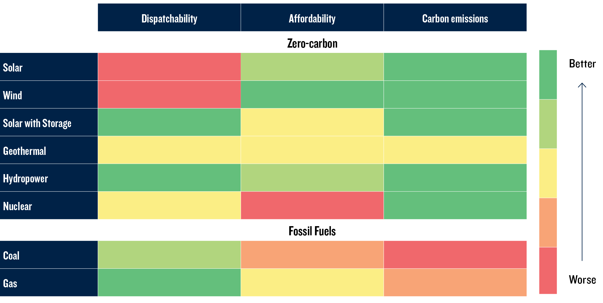 Note: Affordability is measured by the levelized cost of energy and carbon-emissions captures emissions per BTU.
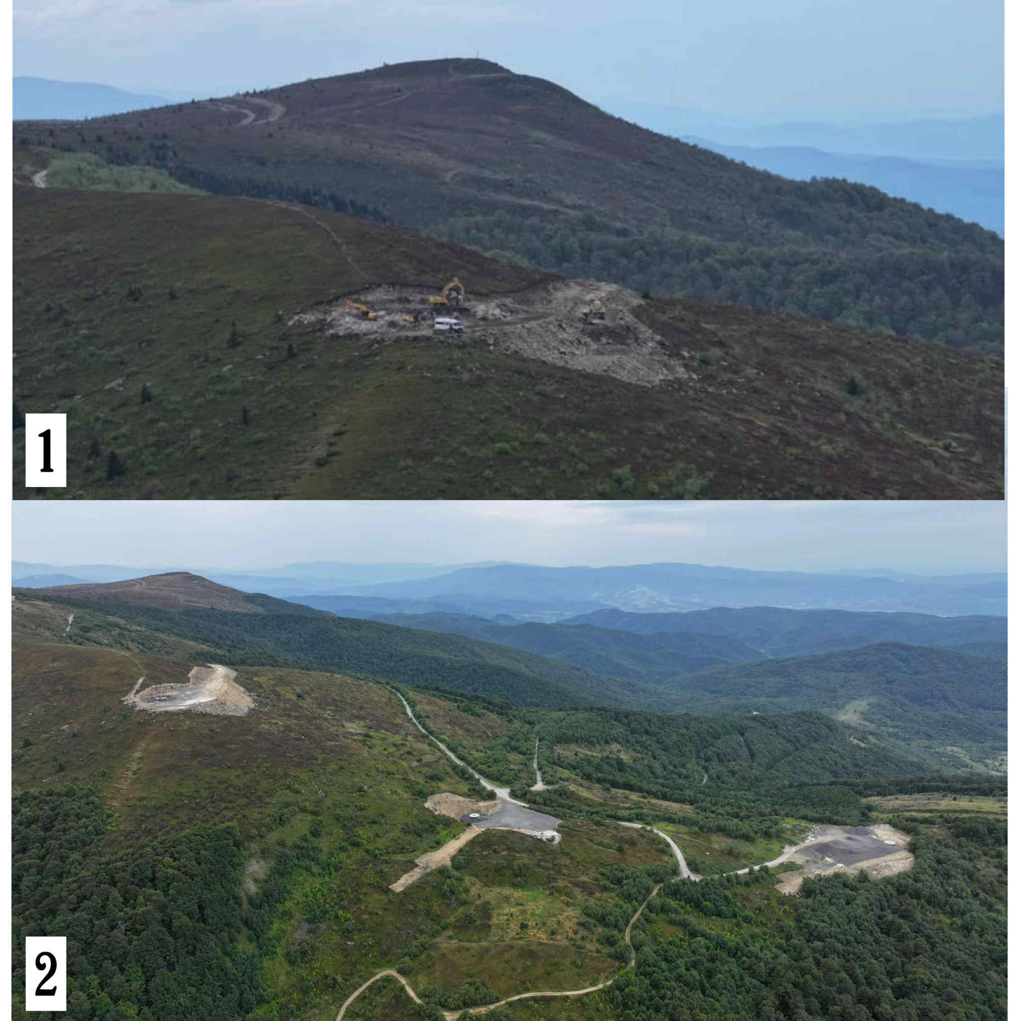 Будівництво ВЕС на полонині Рівній без екологічного висновку: 1) «зрізання» схилу однієї з вершин полонинського плато під монтувальний майданчик ВЕУ; 2) Три з 30 бетонних основ та монтувальних майданчиків ВЕУ та мережа нових доріг на полонині (фото з Інтернету).
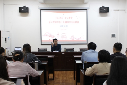 11月8日,我院召开了"不忘初心、牢记使命"主题教育专题学习会,学习贯彻党的十九届四中全会精神,学习会由党委委员、学院副院长张昭国主讲。

Exercise objective → When you write out the material above, keep every line exact and drop each picture.

Solution for this problem →
 Note: Affordability is measured by the levelized cost of energy and carbon-emissions captures emissions per BTU.
 Будівництво ВЕС на полонині Рівній без екологічного висновку: 1) «зрізання» схилу однієї з вершин полонинського плато під монтувальний майданчик ВЕУ; 2) Три з 30 бетонних основ та монтувальних майданчиків ВЕУ та мережа нових доріг на полонині (фото з Інтернету).
 11月8日,我院召开了"不忘初心、牢记使命"主题教育专题学习会,学习贯彻党的十九届四中全会精神,学习会由党委委员、学院副院长张昭国主讲。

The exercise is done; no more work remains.